* _Action item_
Repeat exactly the lines running from the first line of the data to the line containing "Flad kagetallerken i", both ends included, and nothing else; drop the pictures.

* _Collected material_

══════

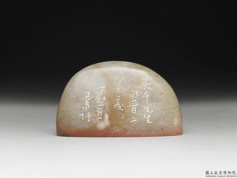 韩国石印,奇石形,印面椭圆偏长,色灰白。印面阳刻三字篆文「外双溪」。边款「大千先生八旬晋二之庆。丁慰慈己未赠。石仙刻」。
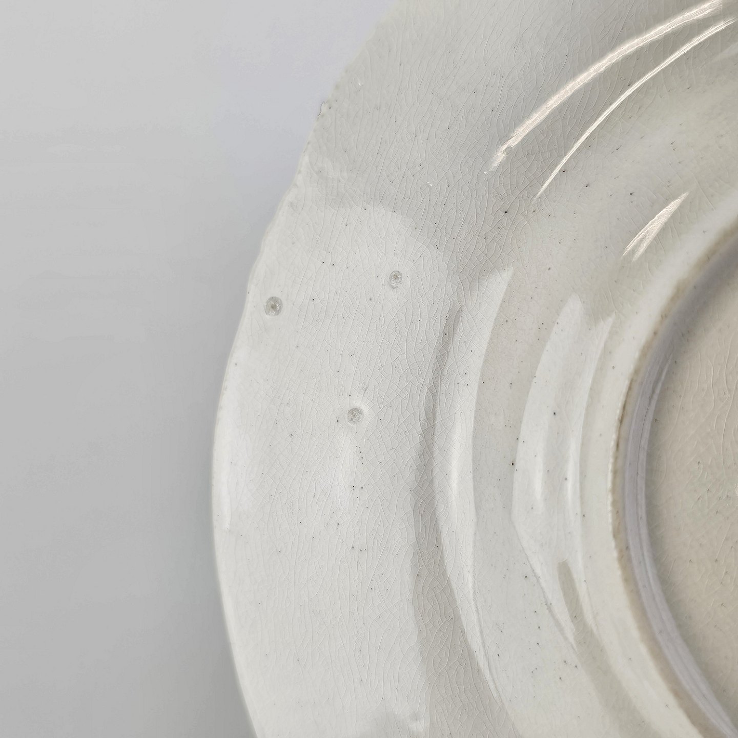 Flad kagetallerken i hvid fajance fra stellet Blå Cenerarier
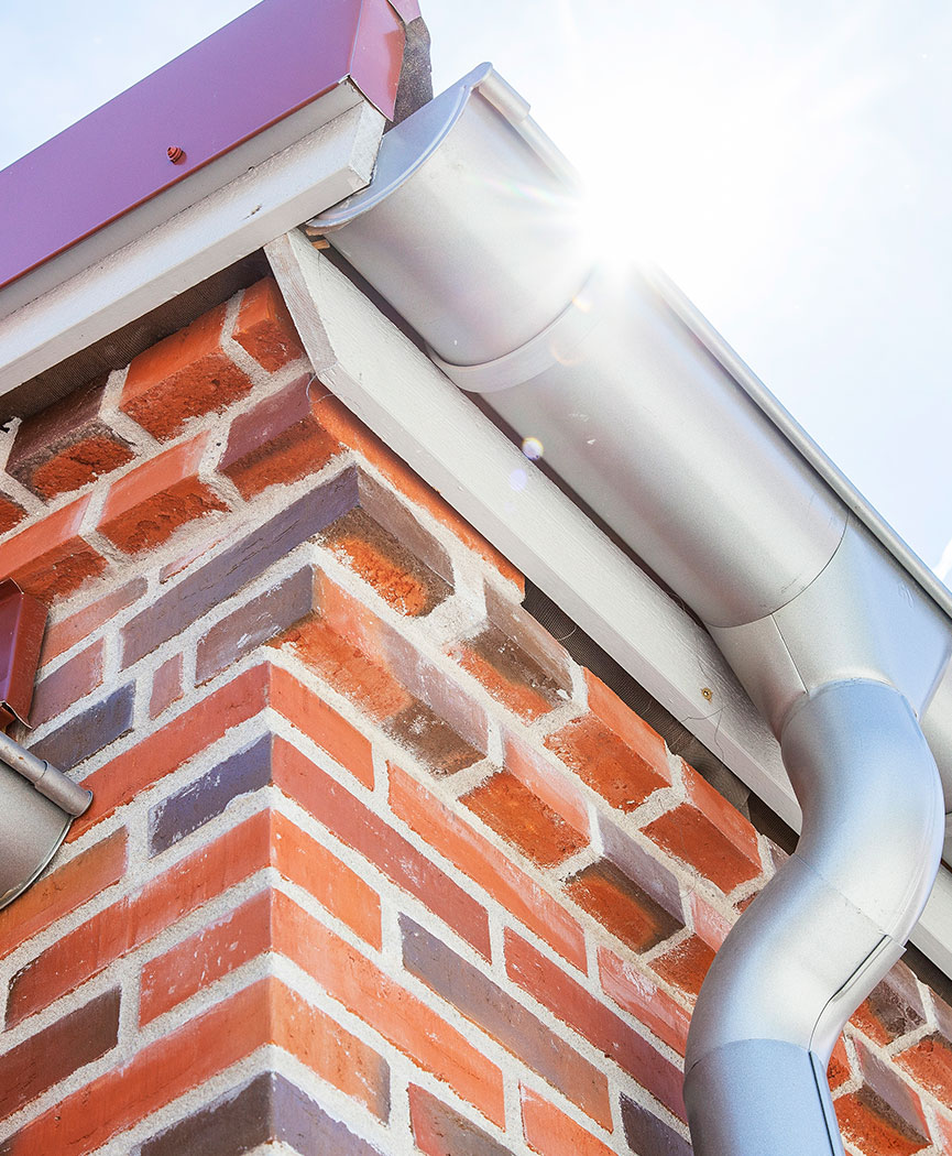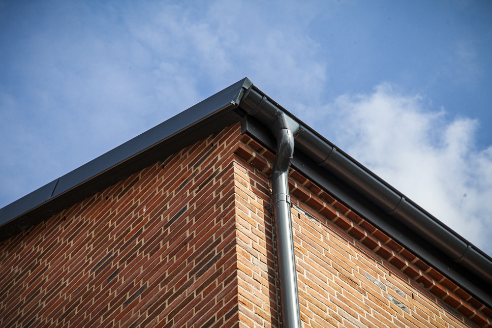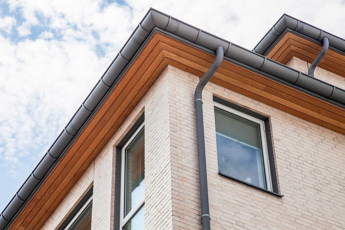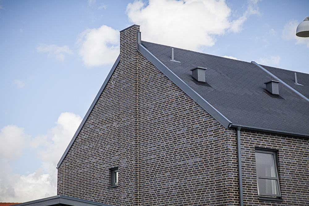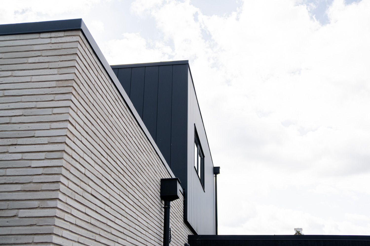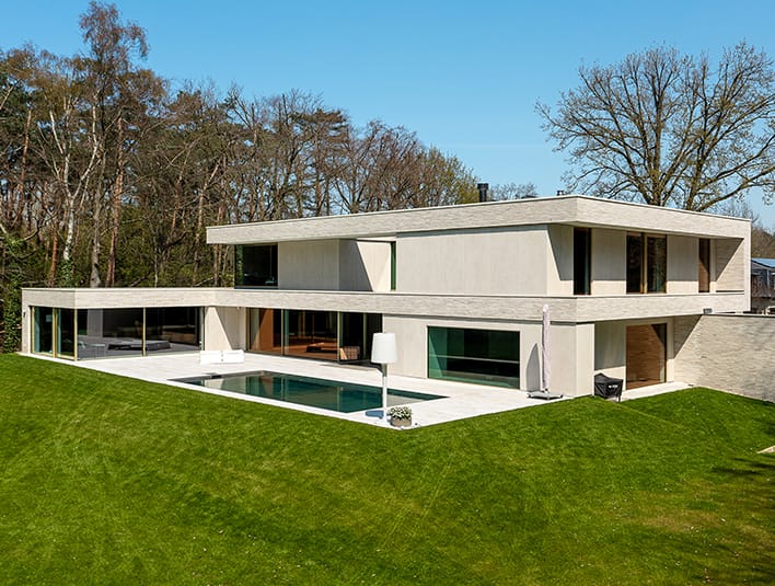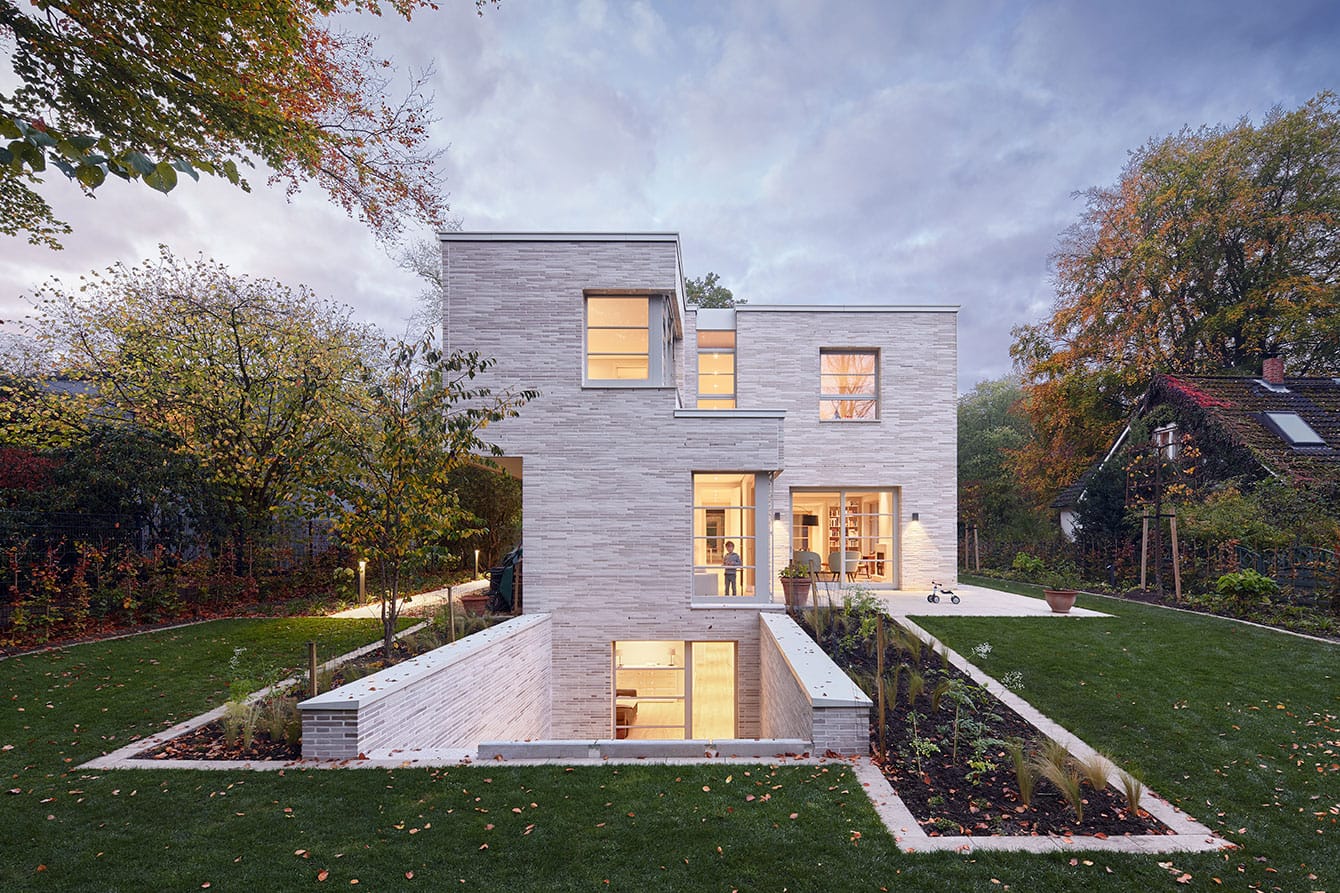 The bricks are light-tinted with a raw and coarse touch that adds a sand-coloured diversity to the finished masonry. The slightly retracted masonry joints have been chosen to bring out the brick’s rustic surfaces even more. This detail rich façade plays elegantly with panels lined with pre-patinated copper cladding and obliquely cut hardwood cladding on the front door and garage doors. A symphony of warm and natural materials that blends in perfect symphony.

══════

* _Exercise answer_
 韩国石印,奇石形,印面椭圆偏长,色灰白。印面阳刻三字篆文「外双溪」。边款「大千先生八旬晋二之庆。丁慰慈己未赠。石仙刻」。
 Flad kagetallerken i hvid fajance fra stellet Blå Cenerarier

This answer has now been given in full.